Publié le Dimanche 5 mars 2017 à 08h47.

Pour un droit au séjour autonome pour les femmes étrangères

Les femmes étrangères vivant en France affrontent une double difficulté, en tant que femmes subissant l’oppression patriarcale de leur pays d’origine et de leur pays d’accueil, et en tant qu’étrangères, en butte aux discriminations et au racisme.

La montée toujours plus insupportable de la xénophobie en France et dans les pays occidentaux, ainsi que les durcissements successifs des lois et règles autorisant le séjour, rendent ce problème plus aigu que jamais.

Depuis la fermeture des frontières aux migrations de travail en 1974, les liens familiaux et conjugaux sont devenus déterminants pour obtenir le droit au séjour en France soit par le mariage avec un ou une Française, soit par le regroupement familial, soit par la reconnaissance de la vie privée et familiale en France. La grande majorité des autorisations de séjour sont délivrées au titre du regroupement familial ou en raison du mariage avec une personne française. Les régularisations au titre du regroupement familial concernaient il y a quelques années 80 % de femmes, avec tout ce que cela impliquait pour elles de dépendance vis-à-vis de la famille, du père ou du mari...

À partir des lois Pasqua, le durcissement des conditions du regroupement familial en termes de conditions de ressources et de logement, a augmenté la précarité de la situation des femmes.

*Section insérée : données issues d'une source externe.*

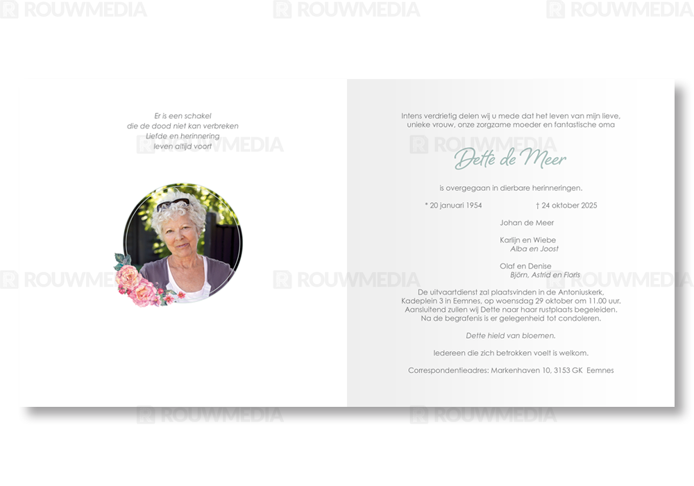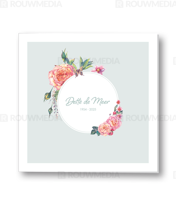 In deze vierkante rouwkaart wordt de naam en datums van de overledenen centraal gezet. Door een ronde cirkel met vleurige rozen wordt de naam extra geaccentueerd.
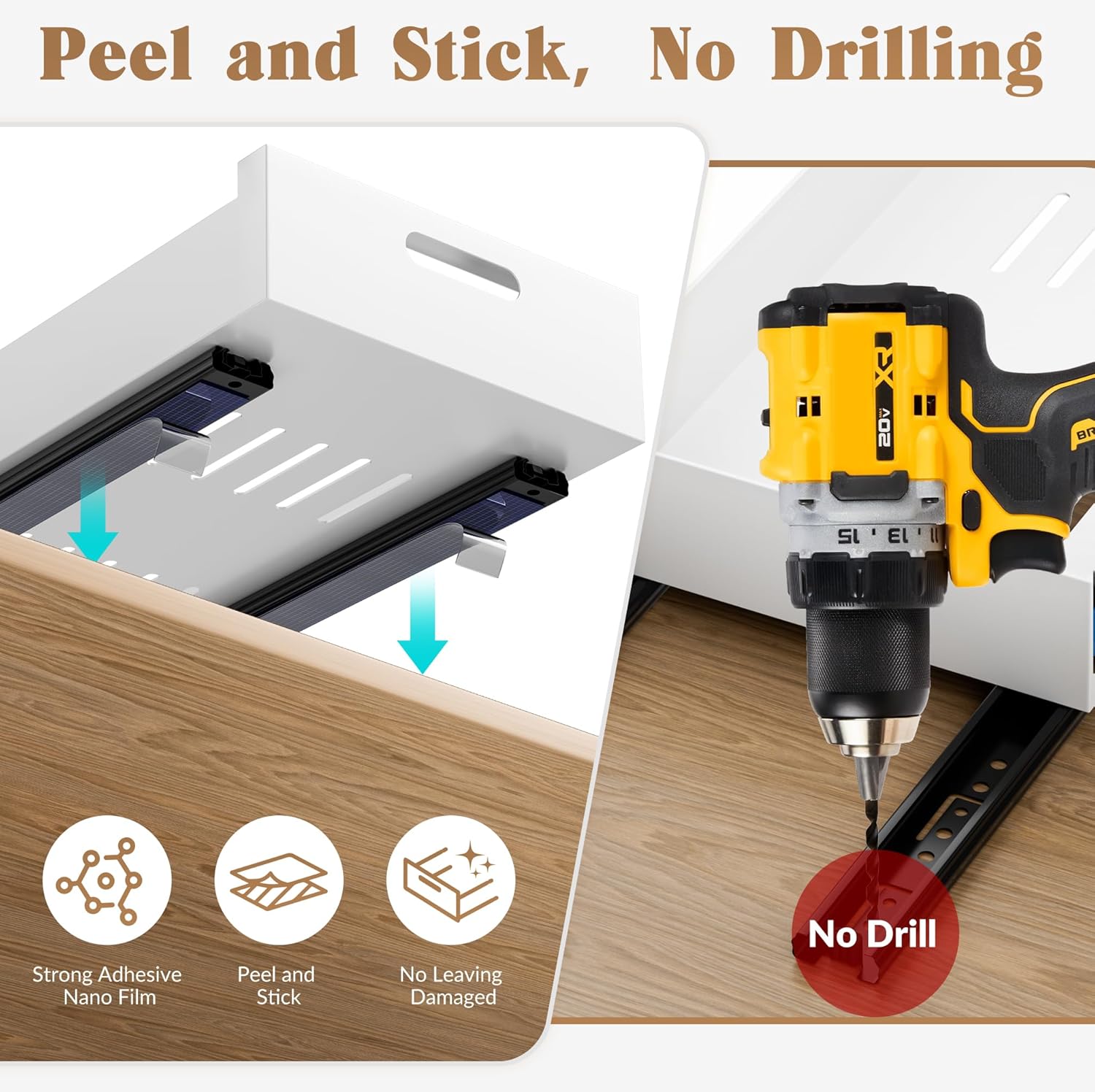 2 Pack Pull Out Organizer Drawers for Cabinets Fixed with Nano Film
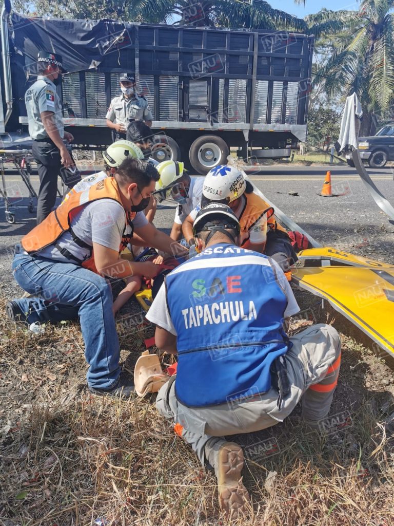 Los lesionados fueron trasladados al hospital general de Tapachula, mientras tanto, elementos de la guardia nacional sector caminos arribaron al lugar, quiénes iniciaron las investigaciones correspondientes y pusieron a disposición el vehículo; en las próximas horas se determinará la situación jurídica del conductor.

Celles-ci sont venues plus souvent hors regroupement familial, et sont vouées à rester des années et des années sans papiers et sans aucun droits, par exemple le droit de travailler. Elles sont condamnées à accepter les conditions de vie dictées par leur mari ou père ou frères, et subissent aussi la surexploitation du travail clandestin.

Femmes et migrantes, la double peine

Aujourd’hui les caractéristiques de la migration des femmes a changé sous deux aspects. En premier lieu, c’est qu’elles fuient massivement les guerres et les violences spécifiques contre les femmes liées aux situations de conflits. De plus, avec la mondialisation, un nombre croissant de femmes migrent avec une aspiration à une vie plus indépendante et plus libre, l’espoir d’un avenir meilleur pour elles et leurs enfants.

Elles sont d’autant plus frappées par les mesures de fermeture des frontières, par les conditions inhumaines d’accueil quand elles arrivent malgré tout à passer les frontières, par l’imbroglio, la multiplication des procédures administratives dissuasives et par toutes les restrictions à l’obtention d’un droit au séjour.

Les femmes qui arrivent seules, ou seules avec des enfants, sont ainsi réduites à la galère d’une vie sans papier et sans droits. Elles ont le choix entre subir la surexploitation du travail clandestin, chercher un « protecteur », ou avoir recours à la prostitution. C’est donc à l’opposé de ce qui les a motivées au départ.

Quant aux femmes migrantes fuyant les violences sexuelles liées aux guerres ou aux mutilations sexuelles et mariages forcés, leur sort ne s’est pas véritablement amélioré. La loi du 29 juillet 2015 portant la réforme du droit d’asile, qui doit reconnaître l’asile aux femmes ayant subi des violences ainsi qu’une série de garanties tout au long de la procédure, peine à être appliquée faute de moyens et de volonté politique. Elle est impactée par toutes les autres mesures restrictives concernant l’obtention du titre de séjour dont la dernière en date est la difficulté à obtenir le formulaire à remplir pour faire sa demande. En effet, celui-ci est maintenant octroyé au compte-goutte dans les préfectures avec un pré-enregistrement. Une étape de plus.

C’est pourquoi nous demandons une individuation des droits – non dépendant du mari ou du père – pour l’obtention des titres de séjour pour les femmes, des démarches simplifiées pour toutes et tous, et des moyens pour garantir l’accès au statut de réfugiée pour toutes les femmes ayant subi des violences spécifiques.